Мило лишь покачал головой и шагнул к двери.
5
В комнате для допросов специальный агент Джанет Симмонс смотрела на Мило через поцарапанный белый стол. Специальный агент Джордж Орбак при всех своих немалых габаритах определенно играл в этом дуэте вторую скрипку. Время от времени он поднимался, выходил из комнаты и через какое-то время возвращался с пластиковыми стаканчиками кофе, чая или лимонада.
Симмонс вела разговор свободно и непринужденно, как, наверное, и учили теперь на новых курсах для сотрудников Министерства национальной безопасности. Она часто наклонялась вперед и старалась держать руки открытыми, лишь иногда отвлекаясь, чтобы убрать за ухо выбившуюся темную прядку. Тридцать с небольшим, думал Мило. Симпатичная, с резкими чертами. Только вот правый глаз слегка косит. То, как она сидела, как демонстрировала свою красоту, должно было уменьшить психологическую дистанцию между ними, между дознавателем и допрашиваемым, сгладить враждебную составляющую. Она даже притворилась, что не чувствует, как от него воняет.
Отправив Джорджа Орбака за молоком для кофе, Джанет повернулась к нему.

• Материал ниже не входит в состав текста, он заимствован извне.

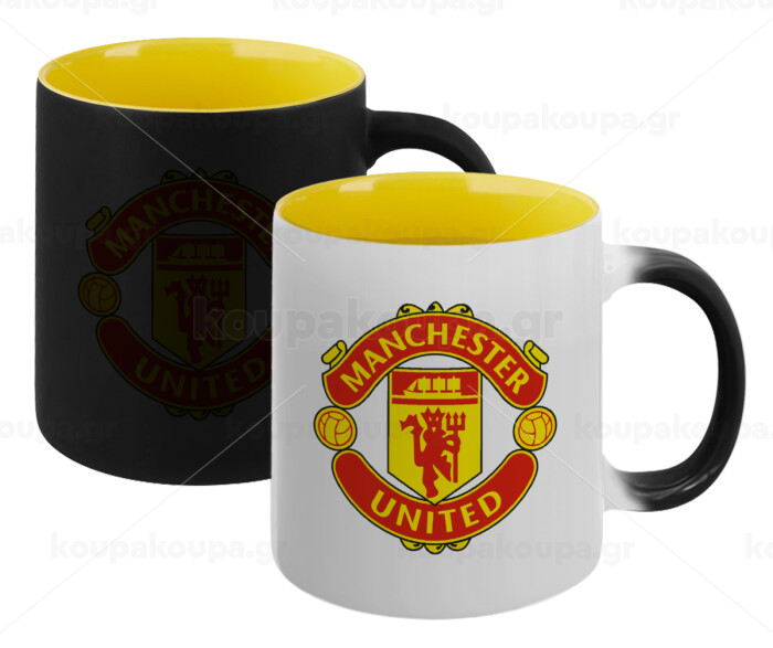 Manchester United F.C., Κούπα Μαγική εσωτερικό κίτρινη, κεραμική 330ml που αλλάζει χρώμα με το ζεστό ρόφημα

— Ну же, Мило. Мы на одной стороне. Не забыли?
— Конечно, Джанет.
— Тогда скажите, почему в этом деле Компания вышла за пределы своей юрисдикции? Почему вы скрытничаете? Почему у вас секреты от нас?
Лимонад у миссис Уилкокс был, конечно, восхитительный, но слишком сладкий, и это уже ощущалось.
— Я же объяснял, — ответил Мило. — Мы несколько лет гонялись за Ротом. Узнали, что он пересек границу в Далласе, вот я и отправился туда.
— И даже не подумали позвонить нам? — Джанет выгнула бровь. — Знаете, а ведь у нас в Далласе тоже есть отделение.
Мило почесал голову. Мысленно.
— Я решил…
— Вы? А Том Грейнджер уже решения не принимает?
— Я предположил, — поправился Мило, — что если поставить в известность Нацбез, то вы пришлете кавалерию и испортите все дело — Тигр заподозрит неладное и скроется. Выследить его можно было только в одиночку.
— И вы…
— Я давно веду его дело, знаю его стиль работы.
— И посмотрите только, как чудесно все сработало, — Симмонс подмигнула — да, да, подмигнула. — Еще один удачный день для ЦРУ!
Мило сдержался, не стал отвечать на брошенный вызов.
— По-моему, Джанет, вам не в чем меня упрекнуть. Я готов сотрудничать и уже сказал, что у него во рту была капсула с цианидом. Перспектива провести остаток дней в Гитмо его не прельщала, вот он и раскусил ее. Можно, конечно, обвинить шерифа Уилкокса в том, что он не обследовал надлежащим образом ротовую полость, но это было бы несправедливо.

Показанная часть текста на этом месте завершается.